• _Action item_:
Would you copy, word for word, each line from the one with "Hecktüren sind überdacht)" to the end of the listing below, skipping all pictures?

• _Material provided_:
-=-=-=-=-
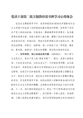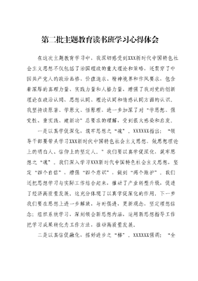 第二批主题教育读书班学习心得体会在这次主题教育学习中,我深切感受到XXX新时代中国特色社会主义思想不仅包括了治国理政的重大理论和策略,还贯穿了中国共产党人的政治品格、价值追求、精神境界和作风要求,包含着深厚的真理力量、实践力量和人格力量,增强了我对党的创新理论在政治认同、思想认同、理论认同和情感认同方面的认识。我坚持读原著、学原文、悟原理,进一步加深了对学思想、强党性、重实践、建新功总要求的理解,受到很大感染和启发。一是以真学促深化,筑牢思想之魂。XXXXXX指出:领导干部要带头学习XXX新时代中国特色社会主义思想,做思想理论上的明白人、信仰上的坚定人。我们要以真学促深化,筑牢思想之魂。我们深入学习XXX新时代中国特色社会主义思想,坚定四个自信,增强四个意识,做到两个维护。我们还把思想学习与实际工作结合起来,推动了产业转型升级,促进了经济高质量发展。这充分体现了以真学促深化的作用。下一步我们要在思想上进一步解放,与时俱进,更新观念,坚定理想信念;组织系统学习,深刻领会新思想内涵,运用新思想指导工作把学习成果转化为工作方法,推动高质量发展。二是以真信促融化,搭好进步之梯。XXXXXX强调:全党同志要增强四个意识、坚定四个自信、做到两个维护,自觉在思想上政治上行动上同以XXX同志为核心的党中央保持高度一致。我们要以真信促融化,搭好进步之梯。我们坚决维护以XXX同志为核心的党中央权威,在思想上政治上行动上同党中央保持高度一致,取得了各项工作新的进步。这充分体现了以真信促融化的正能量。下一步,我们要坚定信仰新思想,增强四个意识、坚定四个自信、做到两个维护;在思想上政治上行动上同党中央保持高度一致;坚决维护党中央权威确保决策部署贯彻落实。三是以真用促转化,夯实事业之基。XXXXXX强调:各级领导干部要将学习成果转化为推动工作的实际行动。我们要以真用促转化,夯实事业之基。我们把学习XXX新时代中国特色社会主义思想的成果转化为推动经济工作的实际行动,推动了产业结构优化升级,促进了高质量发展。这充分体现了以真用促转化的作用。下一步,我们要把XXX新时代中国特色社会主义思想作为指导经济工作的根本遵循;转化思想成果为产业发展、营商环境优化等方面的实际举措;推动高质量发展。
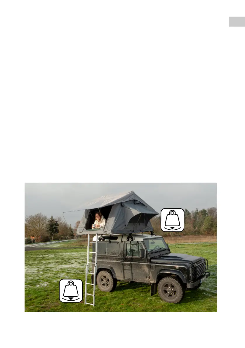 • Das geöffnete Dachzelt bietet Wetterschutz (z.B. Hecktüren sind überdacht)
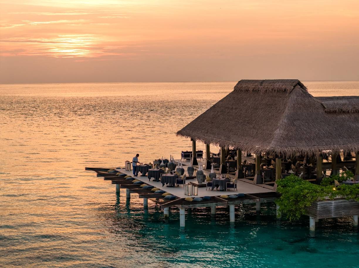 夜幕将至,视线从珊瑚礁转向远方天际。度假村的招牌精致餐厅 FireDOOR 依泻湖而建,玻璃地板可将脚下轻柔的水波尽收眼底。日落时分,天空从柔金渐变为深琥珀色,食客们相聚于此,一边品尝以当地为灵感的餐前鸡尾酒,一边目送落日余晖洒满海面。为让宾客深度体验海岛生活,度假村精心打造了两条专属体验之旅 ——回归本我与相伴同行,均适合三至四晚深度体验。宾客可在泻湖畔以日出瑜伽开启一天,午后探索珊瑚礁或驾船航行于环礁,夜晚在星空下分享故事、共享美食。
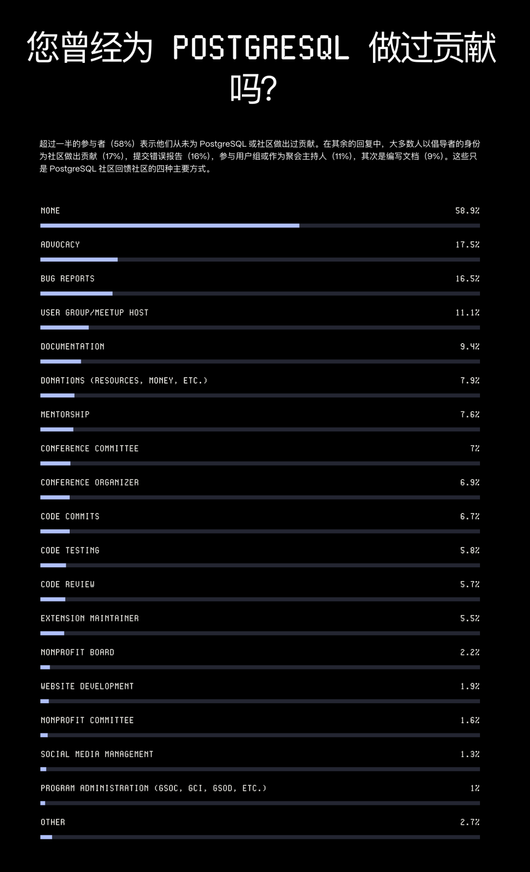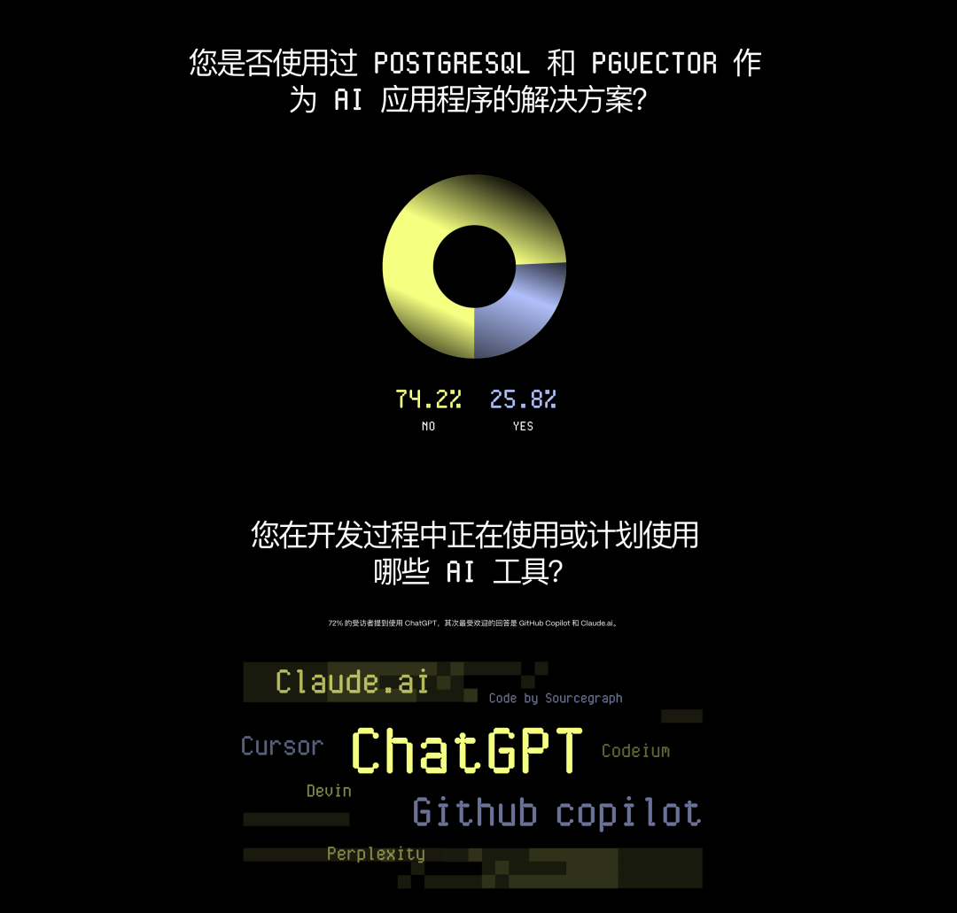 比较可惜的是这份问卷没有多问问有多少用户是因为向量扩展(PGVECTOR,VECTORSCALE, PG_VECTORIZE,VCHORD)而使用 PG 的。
-=-=-=-=-
• _Output below_:
 • Das geöffnete Dachzelt bietet Wetterschutz (z.B. Hecktüren sind überdacht)
 夜幕将至,视线从珊瑚礁转向远方天际。度假村的招牌精致餐厅 FireDOOR 依泻湖而建,玻璃地板可将脚下轻柔的水波尽收眼底。日落时分,天空从柔金渐变为深琥珀色,食客们相聚于此,一边品尝以当地为灵感的餐前鸡尾酒,一边目送落日余晖洒满海面。为让宾客深度体验海岛生活,度假村精心打造了两条专属体验之旅 ——回归本我与相伴同行,均适合三至四晚深度体验。宾客可在泻湖畔以日出瑜伽开启一天,午后探索珊瑚礁或驾船航行于环礁,夜晚在星空下分享故事、共享美食。
 比较可惜的是这份问卷没有多问问有多少用户是因为向量扩展(PGVECTOR,VECTORSCALE, PG_VECTORIZE,VCHORD)而使用 PG 的。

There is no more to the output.